November 12, 2011
I was asked recently whether I thought that, eventually, System Administration would require regulation, similar to how engineering and medicine require regulation.
This isn't an easy question to answer, even though I think about it quite a lot. I think the right answer (as much as any answer can be "right") is that, yes, eventually some of us may hold positions that need to be regulated in the future, but in my opinion, it's for the best. Here's my answer:
Yes, some regulation is absolutely necessary in certain segments of the industry.
There is a very good (but very hard to read) book called Risk Society written by Ulrich Beck that caused something of a paradigm shift in the engineering mindset in the 90s.
To oversimplify, society (and the world it exists in) has become complex to the point that you can not engineer risk out of the equation.
This idea is supported by the findings of people like Sidney Dekker in The Field Guide to Understanding Human Failure, who performs what could be considered root cause analysis of surgical and aeronautical accidents. The systems that he deals with are now complex to the point where there is no single root cause, because failure is an inherent operational condition of the environment. In other words, asking why something failed is exactly like asking why something didn't fail - it was the end result of an impossibly complex web of interrelationships, all of which culminated in the eventual success (or failure) of the system.
There are a lot of scenarios where the tasks undertaken by system administrators do have life or death consequences, and in order to architect those infrastructures with adequate resiliency, a lot of education is necessary.

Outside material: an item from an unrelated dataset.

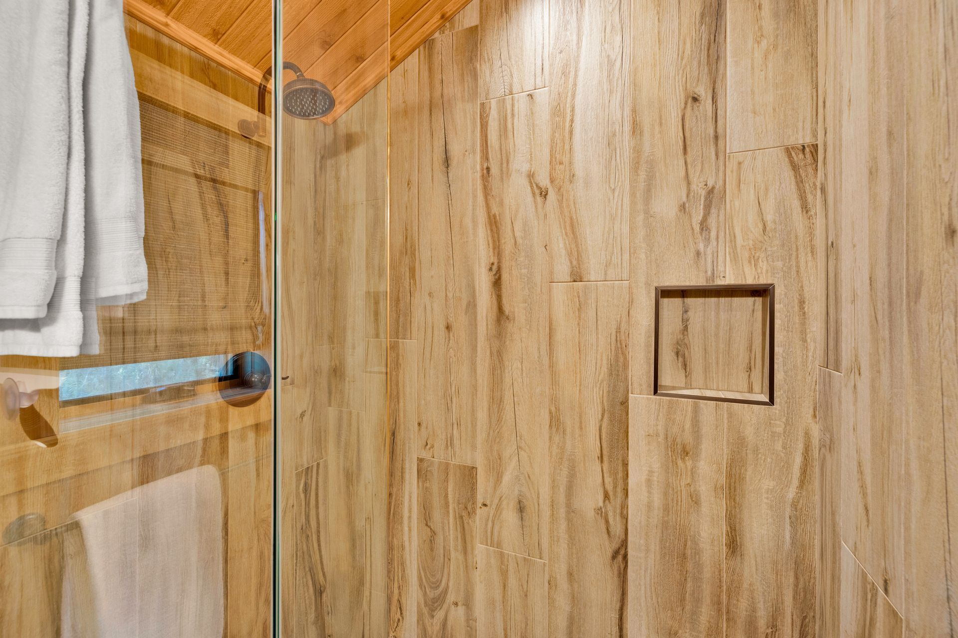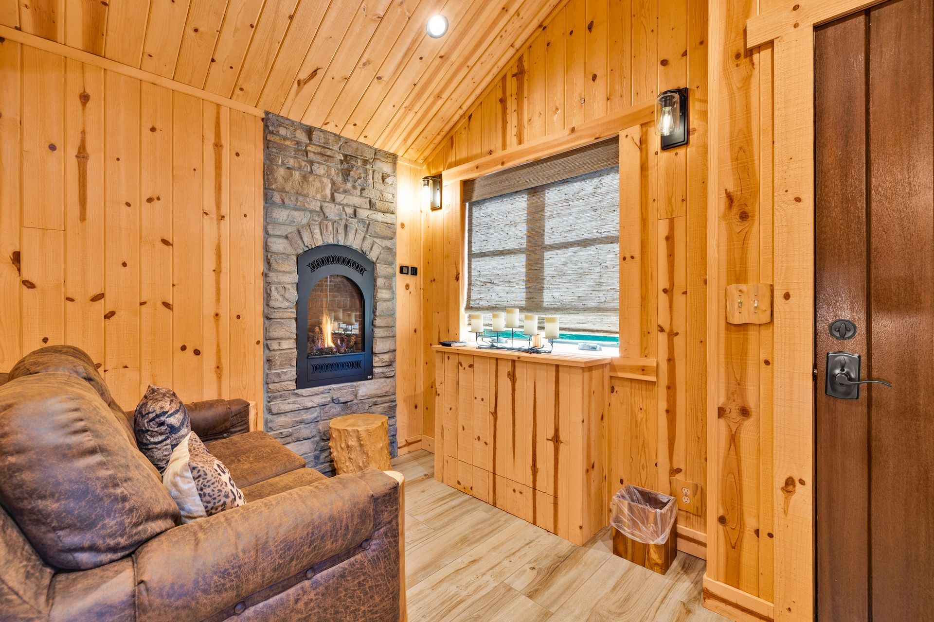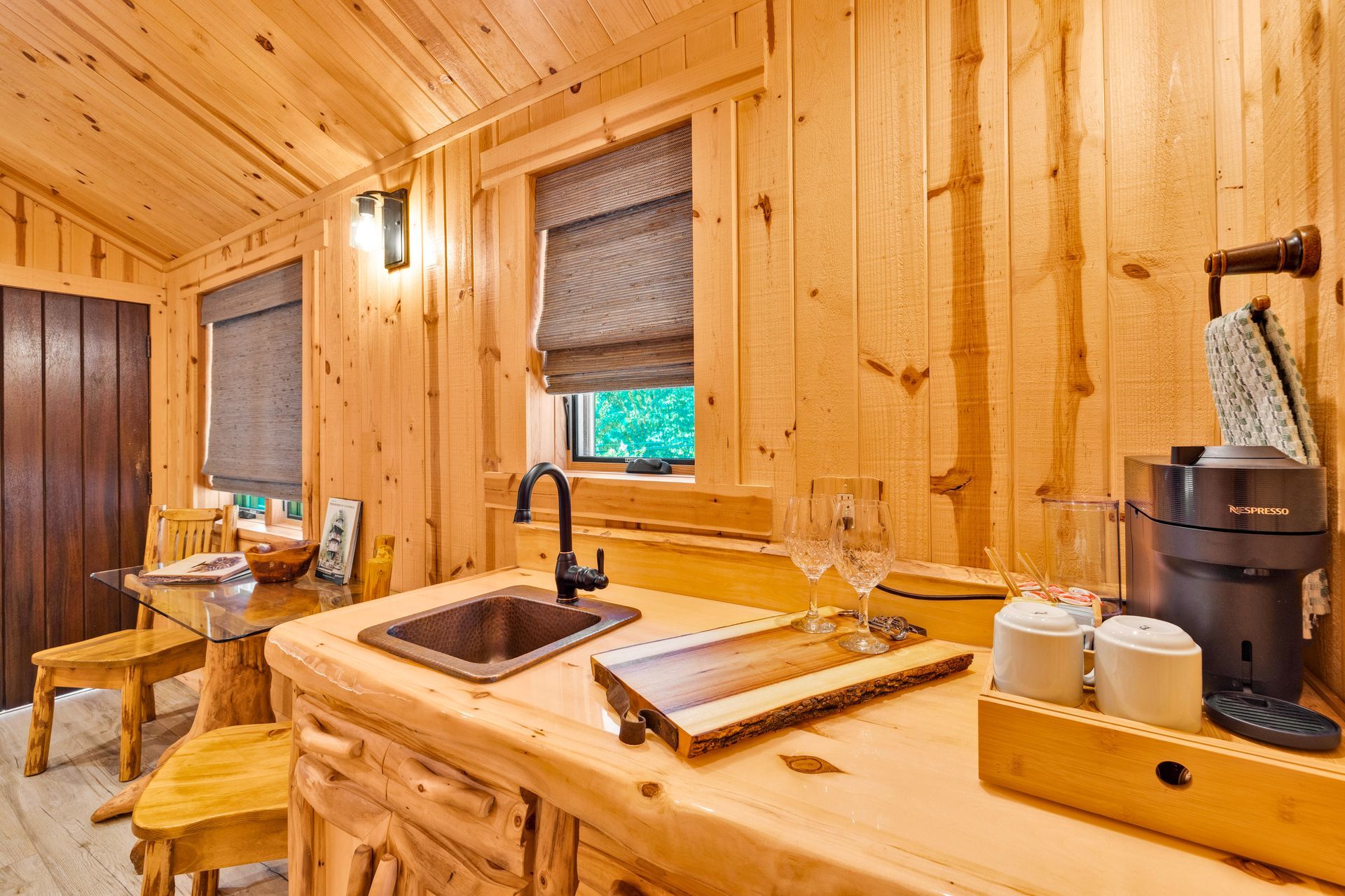 Welcome to the Treehouse, a luxurious haven nestled among the branches where rustic charm meets modern comfort. Perched atop a majestic tree, this enchanting escape offers a private bedroom with a canopy bed, cozy leather loveseat, and a cut log wet bar. The hidden bathroom boasts wood tile and a charming cut log vanity. Step outside onto the deck to find an outdoor cedar tub, inviting you to soak under the stars. Surrender to the magic of nature in this unique sanctuary.

The path of a lot of system administrators from amateur to professional resembles that of a child who is exceptionally gifted at building erector sets being hired to construct a pedestrian bridge. Then, if the bridge doesn't fall, the kid gets to build bridges designed to handle interstate traffic.
I don't write this to disparage the upwardly mobile system administrator who has learned on the job, acquired a high skill level, and is successful in the systems that they engineer. Someone who does that should be justly proud.
When you start considering the potential loss of human life in such a system, however, you start to realize that "best effort" learning isn't enough, particularly when there is no test to establish a safe knowledge level.
Why should you require a degree in civil engineering to design and implement a traffic control system, then not require the slightest test of the people who administer the IT infrastructure that it runs on?
No, I anticipate that in the future, "critical infrastructure" administrators will have certain requirements laid on them for the benefit of everyone who uses the system. The difficult decision will be where to draw the line.
What are your thoughts? Can you see the need to pass a test (or series of tests) to become a "Critical Infrastructure Administrator"?